In an embodiment, prepared data from the data preprocessing module 422 is then fed into model selection module 424 (Operation 503). This module analyzes the characteristics of the processed data, such as dimensionality and distribution, and selects the most appropriate model architecture for the given dataset and problem. It employs statistical and analytical techniques to match the data with an optimal model, ranging from simpler models for less complex tasks to more advanced architectures for intricate tasks.

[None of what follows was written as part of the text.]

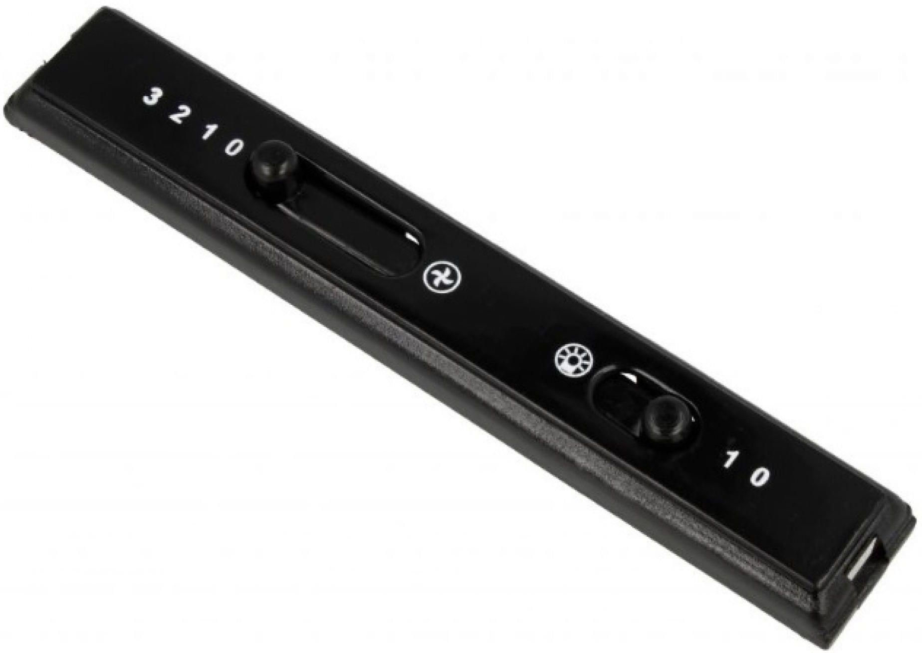 Suwak, panel sterowania okapów Neto, Kernau Część zamienna do okapów kuchennych marek Neto i Kernau. Panel z mechanicznymi suwakami odpowiadającymi za sterowanie oświetleniem i pracą silnika. Przeznaczony do modeli wyposażonych w manualne sterowanie przesuwne. Idealny do naprawy lub wymiany zużytego elementu. Wymiary: długość 145 mm szerokość 21 mm

In an embodiment, training module 426 trains the selected model with the prepared dataset (Operation 504). It implements learning algorithms to adjust the model's internal parameters, optimizing them to identify patterns and relationships in the training data. Training module 426 also addresses the challenge of overfitting by implementing techniques, like regularization and early stopping, ensuring the model's generalizability.
In an embodiment, evaluation and tuning module 428 evaluates the trained model's performance using the validation dataset (Operation 505). Evaluation and tuning module 428 applies various metrics to assess predictive accuracy and generalization capabilities. It then tunes the model by adjusting hyperparameters, and if needed, incorporates feedback from the model's initial deployments, retraining the model with new data patterns identified from the feedback.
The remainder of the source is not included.